A menina cresce, entra na idade fértil e se encontra, por assim dizer, no campo das mulheres adultas, empurrando assim sua mãe para o campo das velhas. Isso não está necessariamente acontecendo no momento, mas a essência da mudança é isso. E muitas mães, sem perceber, vivenciam isso de forma muito dolorosa. O que, a propósito, se reflete em contos populares sobre uma madrasta malvada e uma jovem enteada.

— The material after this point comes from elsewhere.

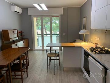 E' composto da ampio soggiorno/pranzo con cucina a vista e divano letto, camera matrimoniale, camera con letto ad una piazza e mezzo, 2 bagni entrambi con box doccia, disimpegni vari, 2 balconi.
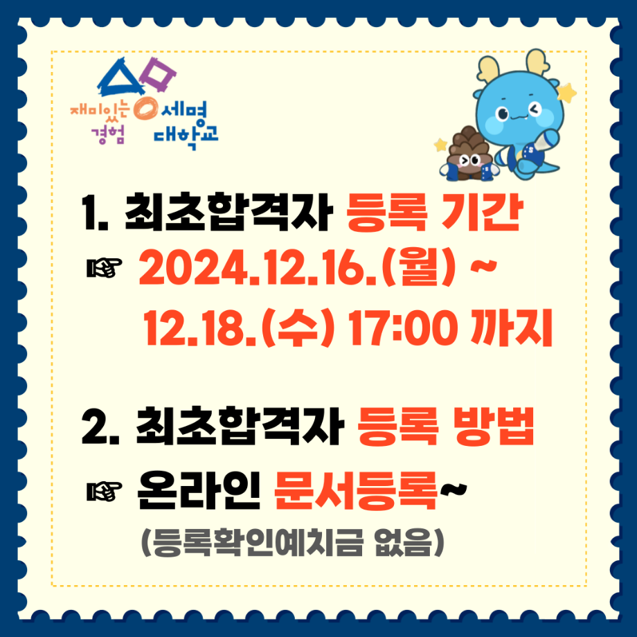 본문 시작 홈으로 커뮤니티 학과소개 교수소개 교육과정 커뮤니티 입학 정보 홈페이지가이드 포토갤러리 학과공지 취업/실습정보 포토갤러리 포토갤러리 페이스북 트위터 프린트 수시모집 최초합격자 발표 안내 전기전자공학과 1954 2024-12-17 수시모집 최초 합격자 발표 안내 입니다..[자세한 내용 클릭] 목록 이전2024학년도 전자공학과 MT 다음 학생들의 통학은 세명대가 책임진다 만족도조사 만족도 조사 이 페이지에서 제공하는 정보에 대하여 만족하시나요? 매우만족 만족 보통 불만족 매우불만족

De fato, é difícil suportar que uma menina, uma filha, esteja florescendo e você esteja envelhecendo. Uma filha adolescente tem suas próprias tarefas: ela precisa se separar de seus pais. Em teoria, a libido que desperta nela após um período latente de 12 a 13 anos deveria ser desviada da família para seus pares. E a criança durante este período deve deixar a família.

Se o vínculo de uma menina com sua mãe é muito próximo, é difícil para ela se libertar. E continua sendo uma «menina de casa», o que é percebido como um bom sinal: uma criança calma e obediente cresceu. Para se separar, para superar a atração em tal situação de fusão, a garota deve ter muito protesto e agressão, o que é percebido como rebelião e depravação.

É impossível perceber tudo, mas se a mãe entender essas características e nuances do relacionamento, será mais fácil para eles. Uma vez me fizeram uma pergunta tão radical: “Uma filha é obrigada a amar sua mãe?” Na verdade, uma filha não pode deixar de amar sua mãe. Mas em relacionamentos íntimos sempre há amor e agressão, e na relação mãe-filha desse amor há um mar e um mar de agressão. A única questão é o que vai ganhar - amor ou ódio?

Sempre quero acreditar que o amor. Todos conhecemos essas famílias onde todos se tratam com respeito, todos veem no outro uma pessoa, um indivíduo e ao mesmo tempo sentem o quanto ele é querido e próximo.